### Input
↓
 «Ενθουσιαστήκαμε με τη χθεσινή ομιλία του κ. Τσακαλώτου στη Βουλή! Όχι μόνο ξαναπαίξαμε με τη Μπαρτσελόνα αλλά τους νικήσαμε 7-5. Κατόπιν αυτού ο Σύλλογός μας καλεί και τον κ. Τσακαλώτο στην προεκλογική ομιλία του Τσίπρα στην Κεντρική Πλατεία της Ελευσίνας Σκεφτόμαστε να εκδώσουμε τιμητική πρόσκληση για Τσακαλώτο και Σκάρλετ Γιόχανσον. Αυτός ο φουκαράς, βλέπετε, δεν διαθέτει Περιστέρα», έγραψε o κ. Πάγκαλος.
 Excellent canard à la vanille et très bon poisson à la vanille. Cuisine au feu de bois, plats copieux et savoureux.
↑
↓
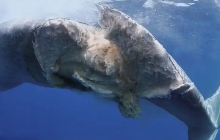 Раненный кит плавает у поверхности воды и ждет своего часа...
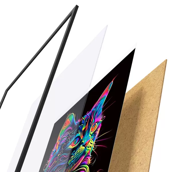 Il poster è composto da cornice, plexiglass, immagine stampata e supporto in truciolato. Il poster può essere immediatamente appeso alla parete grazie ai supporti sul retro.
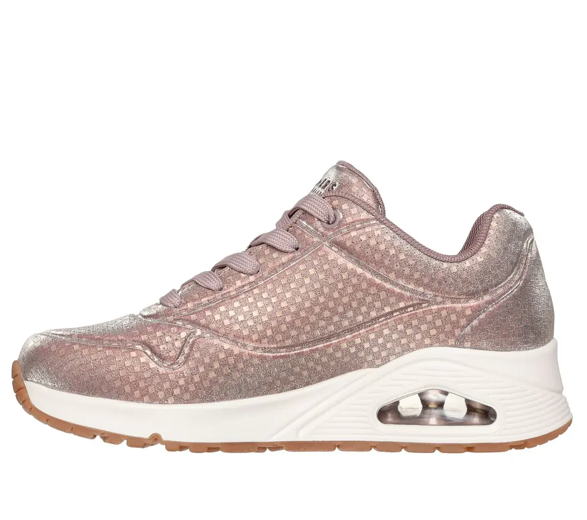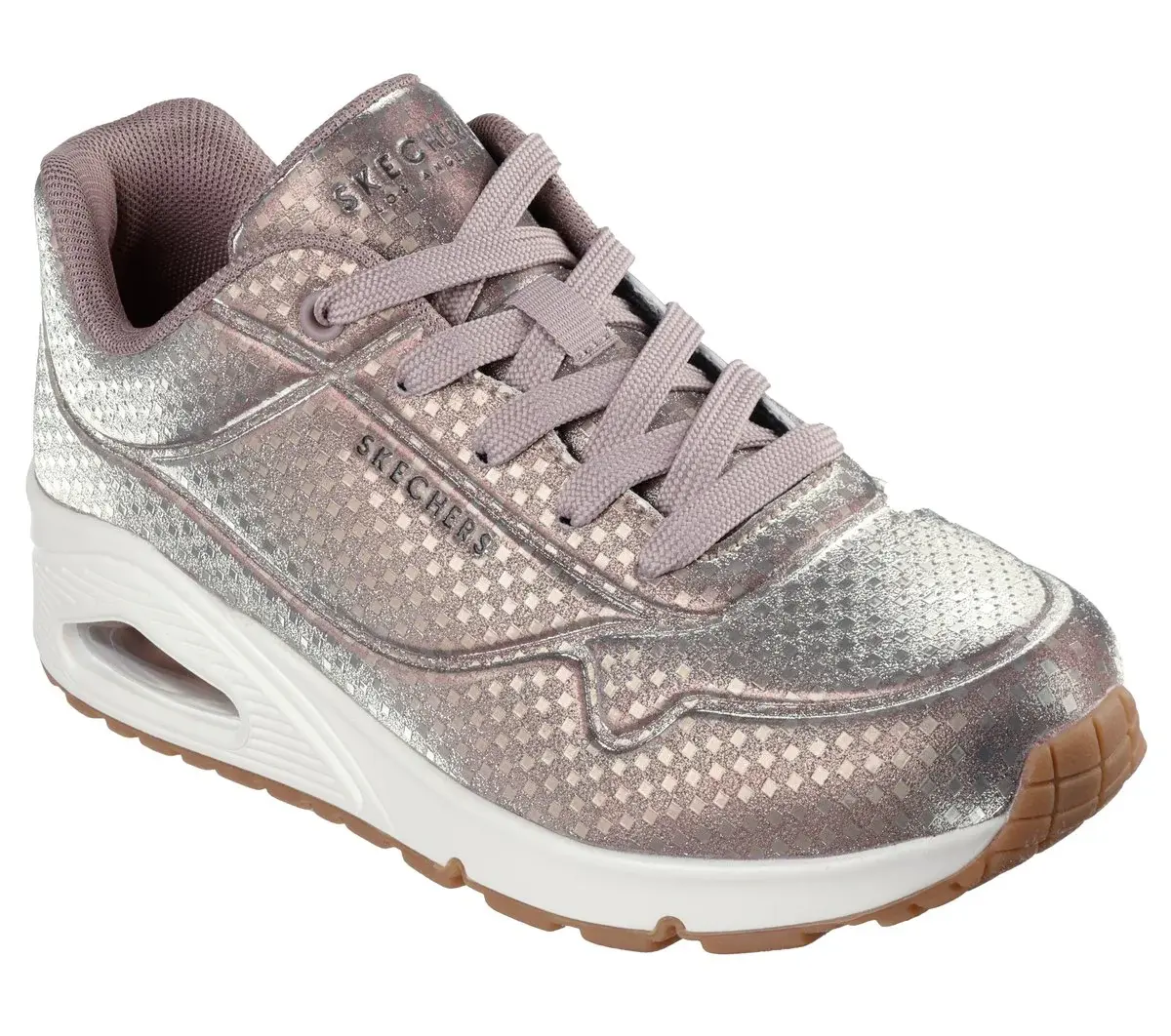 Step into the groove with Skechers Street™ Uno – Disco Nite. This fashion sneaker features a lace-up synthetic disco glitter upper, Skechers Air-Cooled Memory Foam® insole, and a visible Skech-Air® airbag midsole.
↑
### Task requirements
Write out again exactly the lines above from the one with "Раненный кит плавает" through the one with "Step into the", adding no other lines and no pictures.

### Solution to this problem
 Раненный кит плавает у поверхности воды и ждет своего часа...
 Il poster è composto da cornice, plexiglass, immagine stampata e supporto in truciolato. Il poster può essere immediatamente appeso alla parete grazie ai supporti sul retro.
 Step into the groove with Skechers Street™ Uno – Disco Nite. This fashion sneaker features a lace-up synthetic disco glitter upper, Skechers Air-Cooled Memory Foam® insole, and a visible Skech-Air® airbag midsole.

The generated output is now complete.